Indicated for use by health care professionals whenever there is a need for monitoring the physiological parameters of patients. Intended for monitoring, recording and alarming of multiple physiological parameters of adults, pediatrics and neonates in hospital environments.

EASI 12-lead ECG is only for use on adult and pediatric patients.

ST Segment monitoring is restricted to adult patients only.

The transcutaneous gas measurement (tcp02 / tcpCO2) is restricted to neonatal patients only.

The Philips MP60, MP70, and MP90 IntelliVue Patient Monitor. The modification is updated software of the Philips Medical System MP60, MP70 and MP90 IntelliVue patient monitor devices.

The provided text describes the Philips MP60, MP70, and MP90 IntelliVue Patient Monitors and their clearance as substantially equivalent to previously marketed devices. However, the document does not contain a detailed study report with specific acceptance criteria and device performance metrics in the format requested.

Here's an analysis based on the available information:

1. A table of acceptance criteria and the reported device performance

The document explicitly states: "Pass/Fail criteria were based on the specifications cleared for the predicate device and test results showed substantial equivalence." It does not provide specific quantitative acceptance criteria (e.g., accuracy, precision) or numerical reported device performance values.
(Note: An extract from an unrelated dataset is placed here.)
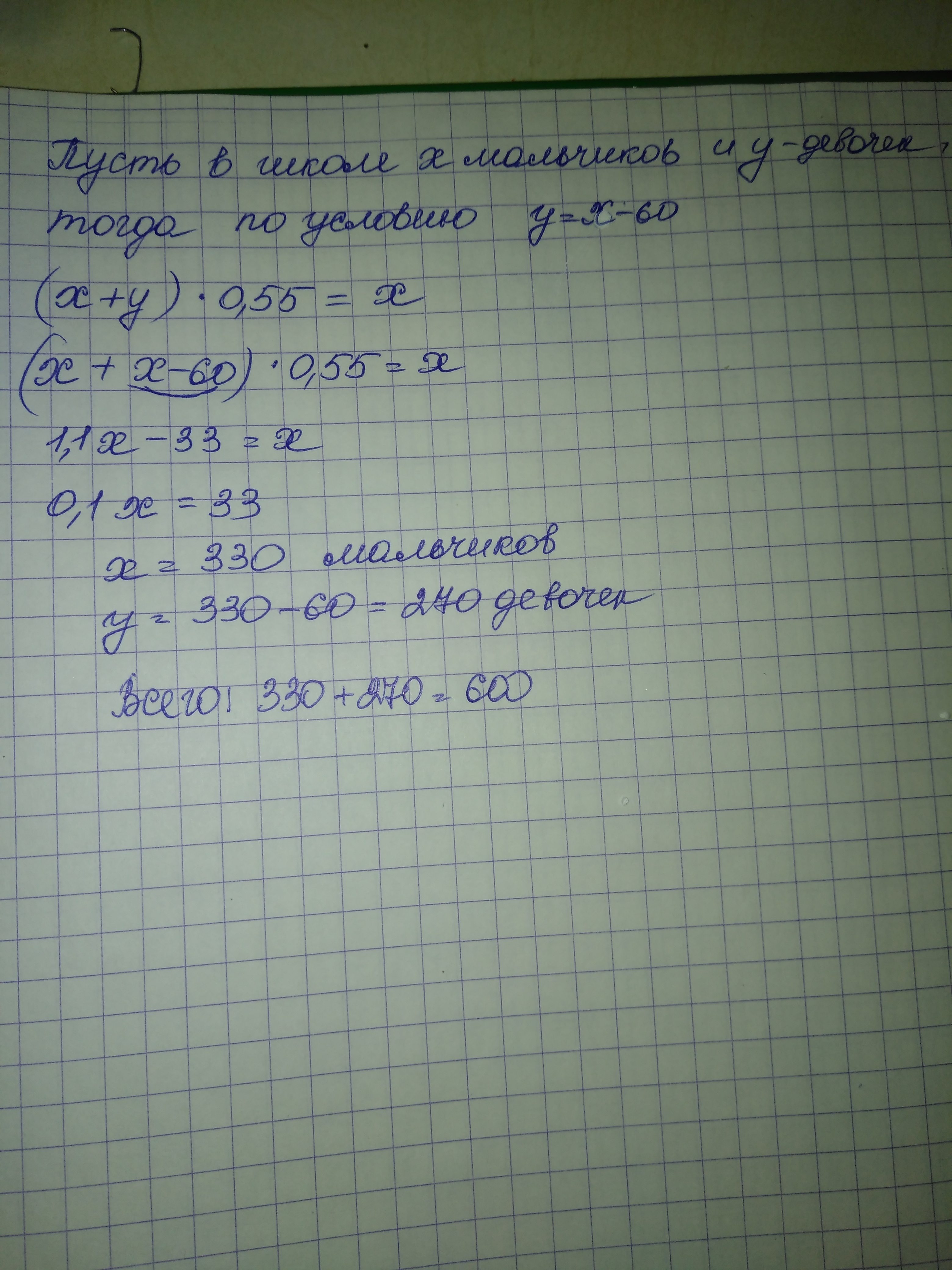 Можно было и так :раз мальчиков 55% , значит девочек 100%-55%=45%; разница составит 55%-45%=10% ,а это 60 человек , значит 100% = 600 человек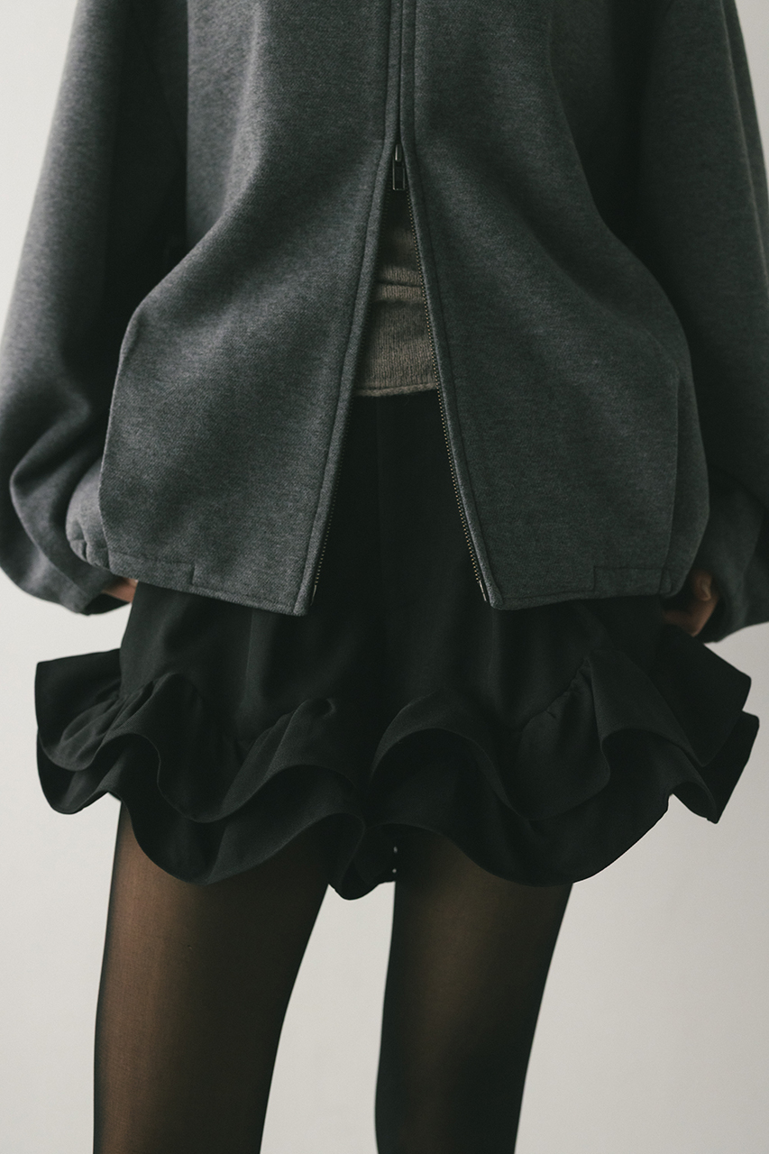 立体的な裾フリルがコーデのアクセントになるスタイルアップが叶うショートパンツ。ガーリー感強めでありながらもボリューム感サイズ感にプラスして落ち着いた色味と素材で大人っぽさを演出。ウエストは少し落として履いていただくと抜け感のあるコーデが完成します。インスタイルはもちろんですが、オーバーサイズのトップスと合わせて裾をチラッと見せるコーデもおすすめです。ストレッチなし、透け感なし。

It broadly states that the new device "meets all reliability requirements and performance claims."

2. Sample size used for the test set and the data provenance (e.g. country of origin of the data, retrospective or prospective)

The document does not specify the sample size used for the test set. It does not mention the country of origin of the data or whether the data was retrospective or prospective.
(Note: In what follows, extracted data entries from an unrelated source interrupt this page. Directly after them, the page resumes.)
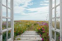 Dompel jezelf onder in een kleurrijke bloemenweide die zich uitstrekt tot aan de horizon. Dit kunstwerk vangt de levendige charme van een bloeiend landschap gezien door een open raam. Deze scène is ideaal voor natuurliefhebbers en bloemenliefhebbers en brengt een vrolijke en verkwikkende sfeer in elke kamer. Perfect voor de woonkamer, slaapkamer of kantoor, deze afbeelding creëert een band met de natuur en voegt een frisse, bloeiende touch toe aan je huis.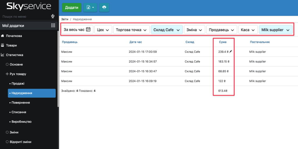 👉 Проведені документи Надходження товару, можна переглянути в пункті Статистика → Рух товару → Надходження. Оберіть у фільтрі Постачальника та можете переглянути усі документи, де його було вказано. Буде підрахована також загальна сума усіх документів (з урахуванням приходу товару в борг).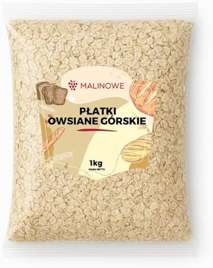 Описание продукта: Универсальное кулинарное применение: Овсяные хлопья — универсальный ингредиент, который можно использовать в самых разных блюдах, таких как овсянка, хлеб, гранола, печенье, а также в качестве ингредиента для запеканок или котлет. Питательный и сытный завтрак: Овсяные хлопья — это питательный и сытный завтрак, который даёт энергию на несколько часов. Попробуйте овсяные хлопья Malinowe, которые идеально подходят для первого завтрака. Гибкий способ употребления: Их можно есть горячими или холодными, в зависимости от ваших вкусовых предпочтений. Подходит для различных диет: Благодаря своим питательным свойствам овсяные хлопья часто рекомендуются в здоровом питании, вегетарианской и веганской диетах. Быстрое и простое приготовление: Приготовление овсяных хлопьев быстрое и простое, что делает их удобным и питательным завтраком или перекусом. Состав упаковки: Вес нетто продукта составляет 1 кг, что обеспечивает длительное использование. Натуральные горные хлопья: Изготовлены из высококачественных овсяных зерен, спрессованных в более крупные и толстые хлопья, которые сохраняют свой естественный вкус и аромат. Показать больше

3. Number of experts used to establish the ground truth for the test set and the qualifications of those experts (e.g. radiologist with 10 years of experience)
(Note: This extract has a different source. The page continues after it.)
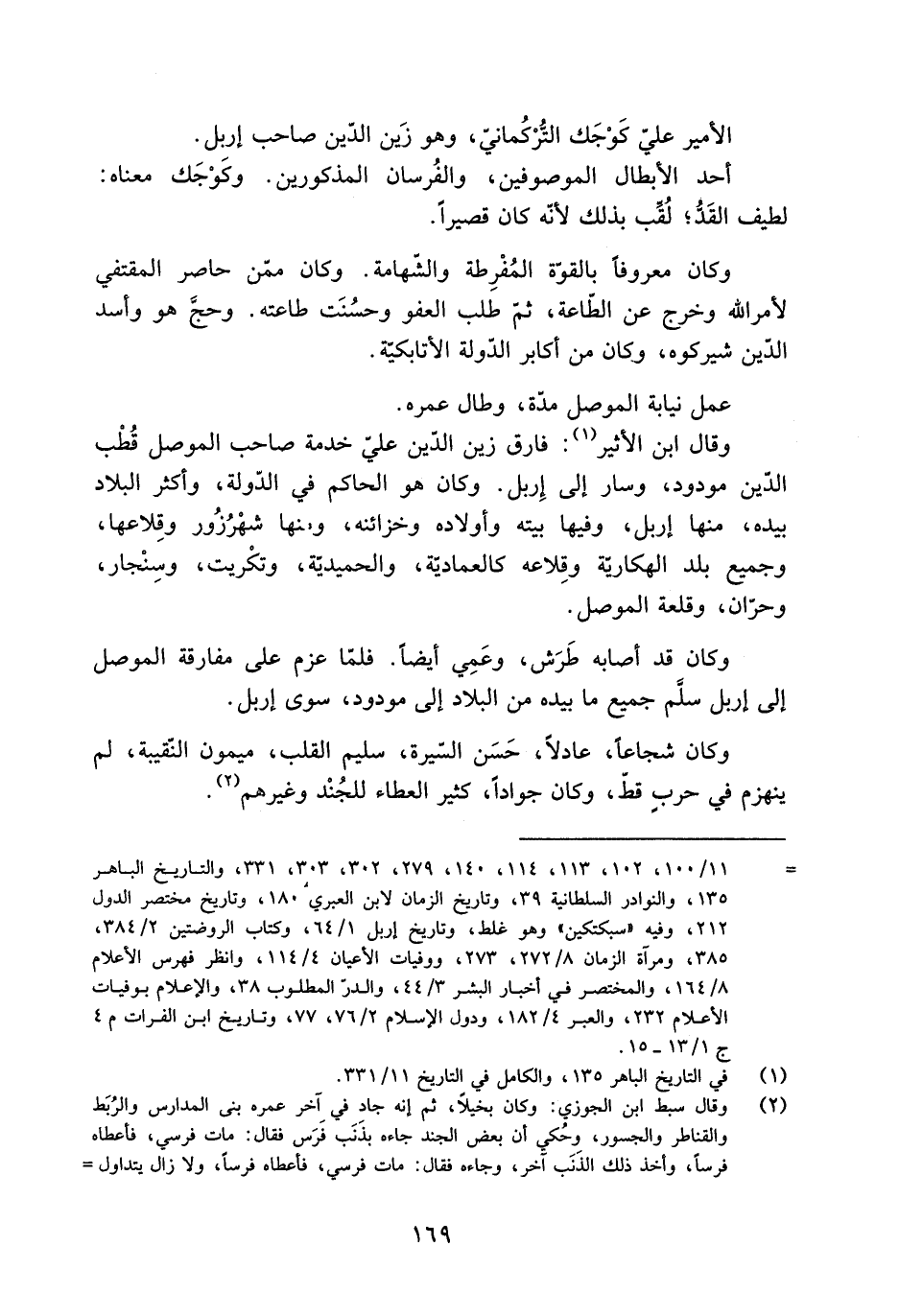 [11] / 100، 102، 113، 114، 140، 279، 302، 303، 331، والتاريخ الباهر 135، والنوادر السلطانية 39، وتاريخ الزمان لابن العبري 180، وتاريخ مختصر الدول 212، وفيه «سبكتكين» وهو غلط، وتاريخ إربل 1/ 64، وكتاب الروضتين 2/ 384، 385، ومرآة الزمان 8/ 272، 273، ووفيات الأعيان 4/ 114، وانظر فهرس الأعلام 8/ 164، والمختصر في أخبار البشر 3/ 44، والدرّ المطلوب 38، والإعلام بوفيات الأعلام 232، والعبر 4/ 182، ودول الإسلام 2/ 76، 77، وتاريخ ابن الفرات م 4 ج 1/ 13- 15.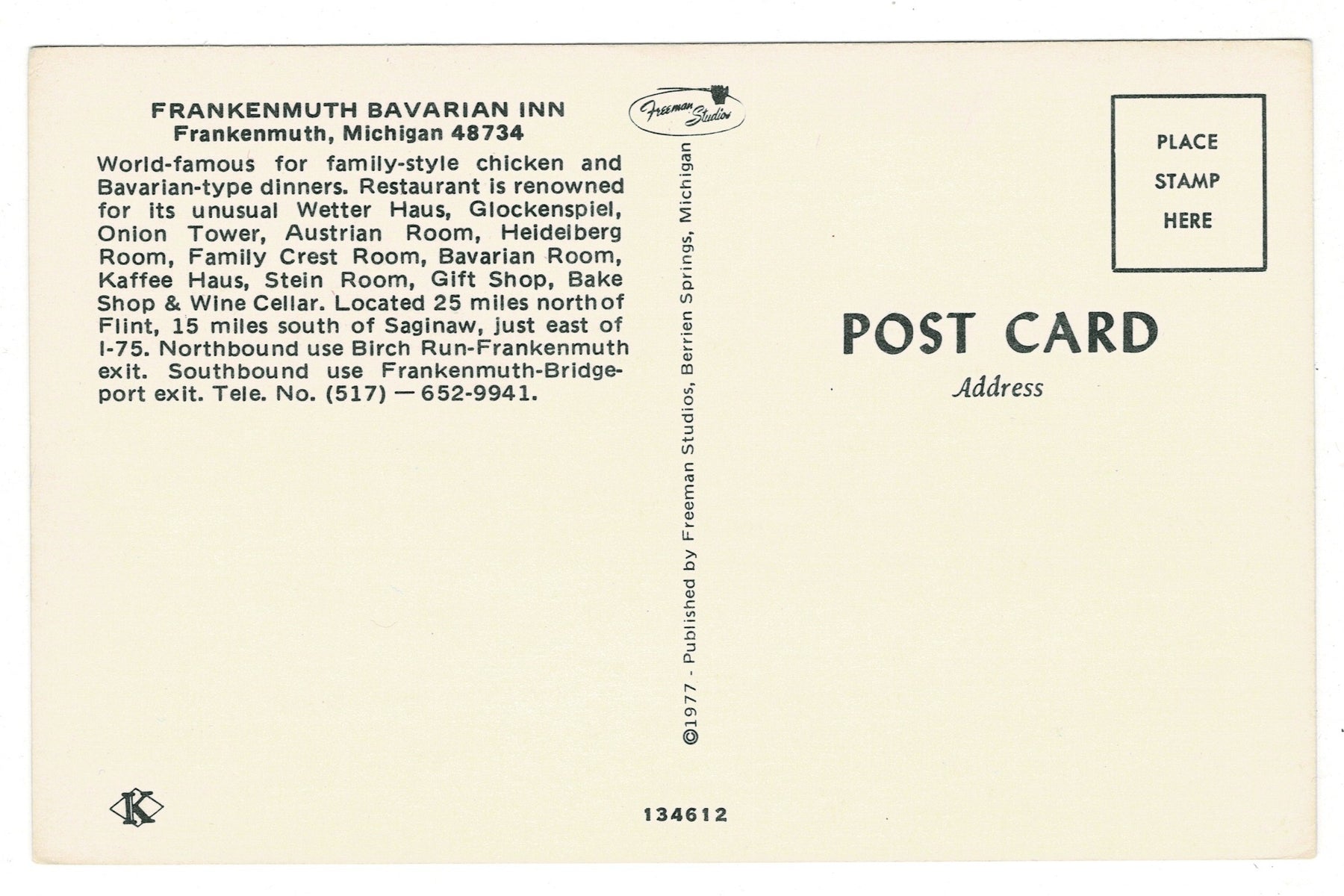 This postcard invites the viewer to imagine strolling along South Main Street, hearing the music of the carillon, smelling freshly baked pastries, and soaking up the unique Bavarian atmosphere that has made Frankenmuth a beloved destination for generations. It’s a perfect collectible for fans of architecture, culinary heritage, and mid-century Americana.

This information is not provided in the document. As this is a patient monitoring device, the ground truth would likely be established through direct physiological measurements or clinical observation, rather than expert interpretation of images. However, the exact methodology for ground truth establishment for testing is not detailed.

4. Adjudication method (e.g. 2+1, 3+1, none) for the test set

The document does not describe any adjudication method.

5. If a multi reader multi case (MRMC) comparative effectiveness study was done, If so, what was the effect size of how much human readers improve with AI vs without AI assistance

A Multi-Reader Multi-Case (MRMC) comparative effectiveness study was not conducted or described. This type of study is typically relevant for interpretative diagnostic devices (like imaging AI), not for physiological monitors where the device itself measures and presents data. There is no mention of "human readers" or "AI assistance" in the context of improving human performance.

6. If a standalone (i.e. algorithm only without human-in-the loop performance) was done

The entire study described is essentially a standalone performance assessment of the device. The "updated software" is an integral part of the patient monitor, and its performance is evaluated as a standalone system against the predicate device's specifications. The evaluation is focused on the device's ability to accurately monitor physiological parameters.

7. The type of ground truth used (expert consensus, pathology, outcomes data, etc)

The document does not explicitly state the type of ground truth used. For physiological monitors, ground truth is typically established by using highly accurate reference measurement systems (e.g., a calibrated pressure transducer for blood pressure, a reference ECG machine for arrhythmia detection) or direct observation of physiological events.

8. The sample size for the training set

The document does not mention a training set or its sample size. This is a common characteristic of device clearances that involve software updates for existing devices, where the focus is on verification and validation against established specifications, rather than development of new algorithms requiring extensive training data.

9. How the ground truth for the training set was established

Since no training set is mentioned, there is no information on how ground truth for a training set was established.

Summary of the Study:

The study described is a verification and validation effort to demonstrate that the updated software for the Philips MP60, MP70, and MP90 IntelliVue Patient Monitors maintains the same performance, functionality, and reliability as the legally marketed predicate devices. The methodology involved "system level tests, performance tests, and safety testing from hazard analysis." The "Pass/Fail criteria were based on the specifications cleared for the predicate device." The conclusion was that "test results showed substantial equivalence" and the device "meets all reliability requirements and performance claims." This type of submission falls under the 510(k) pathway, which primarily focuses on demonstrating substantial equivalence to a predicate device, rather than proving novel clinical effectiveness through extensive clinical trials with detailed statistical reporting of performance metrics.